_Provided records_
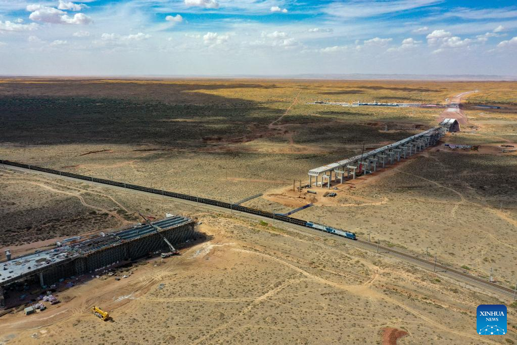 Aerial photo taken on July 10, 2020 shows the Qingtongxia-Zhongwei section of the Wuhai-Maqin expressway under construction in northwest China's Ningxia Hui Autonomous Region.
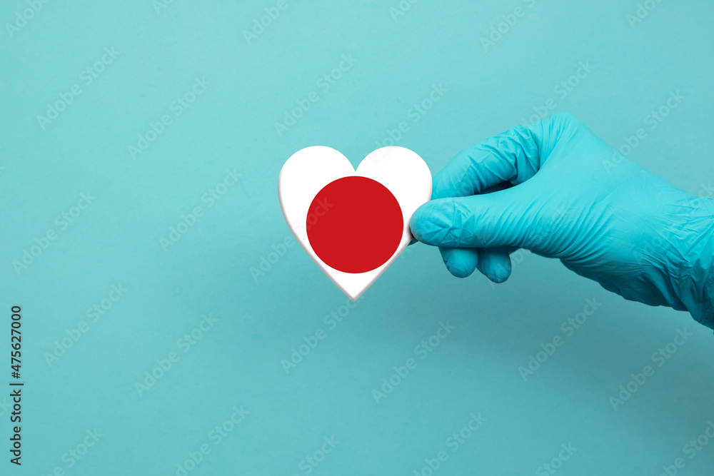 Medical workers hand wearing surgical glove holding Japan flag heart
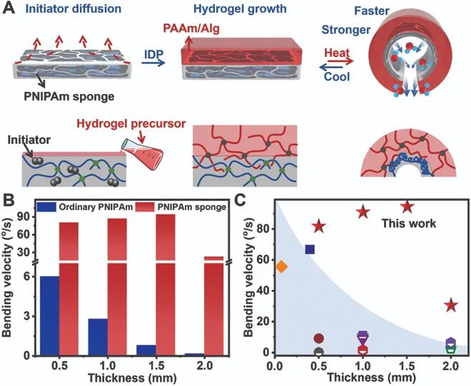 而外层的水凝胶是通过界面扩散聚合(IDP)策略在“海绵”表面被动生长的,它能够很牢固地固定在“海绵”上。这样一来,复合水凝胶能够快速响应外部温度变化,从而快速弯曲变形。
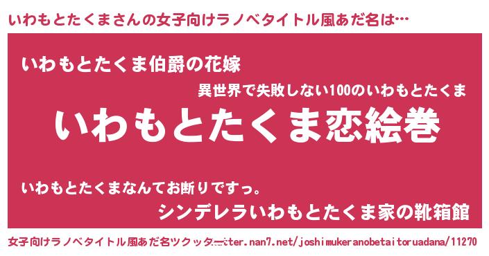 | 男性向けラノベタイトル風あだ名 | 『おまえをオタクにしてやるから、俺をいわもとたくまにしてくれ! 』 |
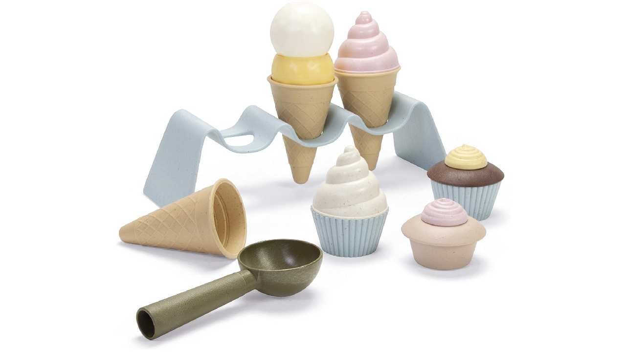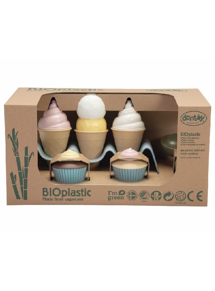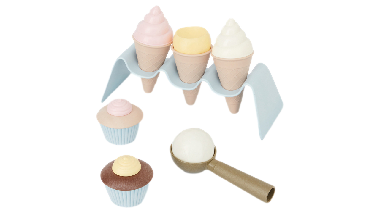 Delicios set de joacă cu înghețată din 15 piese de la Dantoy, în culori naturale, în culori naturale, fabricat din bioplastic Nordic Swan cu etichetă ecologică.

_Exercise_
Drop every picture from the data, then output all the rest exactly.

_Final answer_
 Aerial photo taken on July 10, 2020 shows the Qingtongxia-Zhongwei section of the Wuhai-Maqin expressway under construction in northwest China's Ningxia Hui Autonomous Region.
 Medical workers hand wearing surgical glove holding Japan flag heart
 而外层的水凝胶是通过界面扩散聚合(IDP)策略在“海绵”表面被动生长的,它能够很牢固地固定在“海绵”上。这样一来,复合水凝胶能够快速响应外部温度变化,从而快速弯曲变形。
 | 男性向けラノベタイトル風あだ名 | 『おまえをオタクにしてやるから、俺をいわもとたくまにしてくれ! 』 |
 Delicios set de joacă cu înghețată din 15 piese de la Dantoy, în culori naturale, în culori naturale, fabricat din bioplastic Nordic Swan cu etichetă ecologică.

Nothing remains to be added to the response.